The Canakinumab Anti-inflammatory Thrombosis Outcome Study (CANTOS) enrolled patients with a history of a MI and a “residual” inflammatory risk based on having an hsCRP level above 2 mg/L at baseline despite receiving optimized standard treatments and having a median LDL cholesterol level of 82 mg/dL. Dr. Ridker and his associates reported the study’s primary outcome results in August at the European Society of Cardiology meeting and in a simultaneously-published article (N Engl J Med. 2017 Sept 21; 377[12]:1119-31).

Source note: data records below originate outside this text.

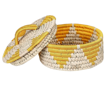 Handmade Sabai Grass Chapati Basket With Lid Multipurpose Container Box for Desktop Home Decoration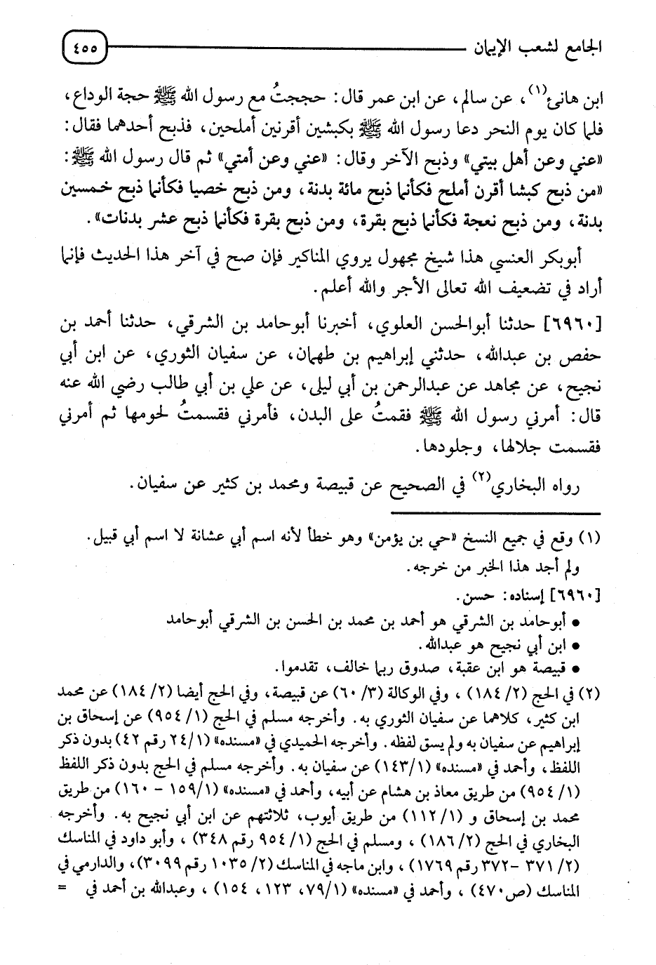 6960 - حَدَّثَنَا أَبُو الْحَسَنِ الْعَلَوِيُّ، أَنَا أَبُو حَامِدِ بْنُ الشَّرْقِيِّ، نا أَحْمَدُ بْنُ حَفْصِ بْنِ عَبْدِ اللهِ، حَدَّثَنِي أَبِي، حَدَّثَنِي إِبْرَاهِيمُ بْنُ طَهْمَانَ، عَنْ سُفْيَانَ الثَّوْرِيِّ، عَنِ ابْنِ أَبِي نَجِيحٍ، عَنْ مُجَاهِدٍ، عَنْ عَبْدِ الرَّحْمَنِ بْنِ أَبِي لَيْلَى، عَنْ عَلِيِّ بْنِ أَبِي طَالِبٍ قَالَ: §" أَمَرَنِي رَسُولُ اللهِ صَلَّى اللَّهُ عَلَيْهِ وَسَلَّمَ فَقُمْتُ عَلَى الْبُدْنِ، فَأَمَرَنِي فَقَسَمْتُ لَحْمَهَا، ثُمَّ أَمَرَنِي فَقَسَمْتُ جِلَالَهَا وَجُلُودَهَا " رَوَاهُ الْبُخَارِيُّ فِي الصَّحِيحِ، عَنْ قَبِيصَةَ، وَمُحَمَّدِ بْنِ كَثِيرٍ، عَنْ سُفْيَانَ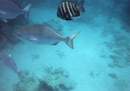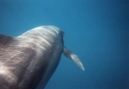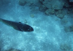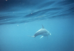 残念ながら水が濁っていて、視界が良くありませんでした。 あまり遠いと見えないので、特に水に入った直後などは この写真のようにいきなり真下を通過するなんてことがよくありました。 |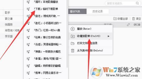 3、然后我们将所有的文件全部选中(按住ctrl然后鼠标一个个点击音乐或shift选中某一个区域内所有音乐),一起拖拽到,列表(歌曲会自动播放)→收藏到某一个歌单,如下图所示: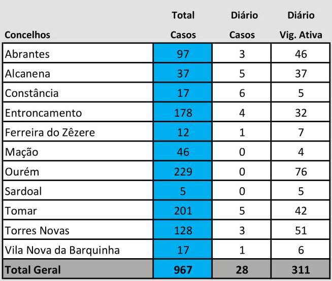 São mais 28 casos positivos que o Médio Tejo registou nas últimas 24 horas de acordo com o relatório epidemiológico deste domingo. Com estes casos o território dos 11 municípios que estão agregados no Agrupamento de Centros de Saúde do Médio Tejo atinge um total acumulado de 967 pessoas infetadas com o coronavírus.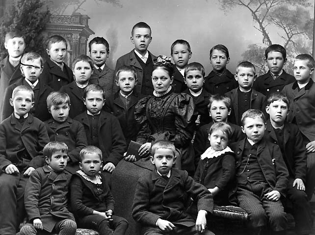 En söndagsskoleklass med pojkar. Den kvinnliga läraren sitter i mitten.
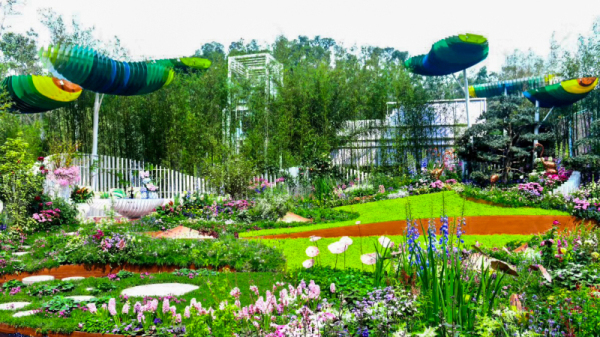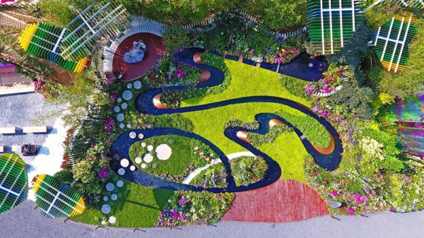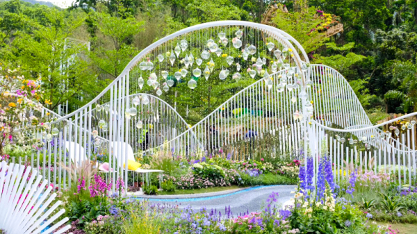 在各区精品花园展区,由铁汉生态设计并施工的深圳盐田园和宝安园,因主题特色鲜明、空间布局和谐和美轮美奂的花境格外抢眼,吸引了广大游客驻足。据铁汉生态设计人员介绍,宝安园通过挖掘宝安的发展历史脉络,以“追根溯源,花绘宝安”为主题,是“得宝而安”历史文化的记载,整个园将原为斜坡的不利地形转为优势,通过搭架,以大面积镜面为背景,“以山为影,以水为魂”来布局,营造了层层叠水、涌泉、雾影、海底世界等水系景观,园区还营造了带有科学原理的“万花筒”,增加了与市民的互动性,增加了体验感。盐田园以盐田“山海花城”的独特地域风貌为总体思路,提出“山海花·悠时光”的设计主题,“以山为骨、以海为魂、以花为笔、城在心中”,园内以白蓝紫的主题色调搭配布置花境,海石竹、满天星、蝶花荚蒾为浪之白,飞燕草、蓝雪花、薰衣草为海之蓝,充分体现了盐田区以“生态”和“旅游”建区的主旨理念,突出“小而精,秀而美”的建设思路,呈现出深圳这座滨海城市浪漫唯美的独特气质。

For the current analyses they defined a robust anti-inflammatory response as CANTOS patients who maintained an hsCRP level below 2 mg/L when measured 3 months after their first canakinumab dose. When the researchers divided all canakinumab recipients into tertiles based on their achieved hsCRP level after one dose, those with the lowest level, less than 1.2 mg/L, also had the best outcome, with a 4-year rate of major adverse cardiovascular events that was 29% lower than the placebo patients. Patients in the middle tertile of achieved hsCRP, from 1.2 up to but not including 2.6 mg/L, showed a smaller but still statistically significant relative 17% reduction in events, while patients with the tertile with the highest hsCRP levels following one canakinumab dose had essentially no difference in their outcomes compared with placebo-treated control patients.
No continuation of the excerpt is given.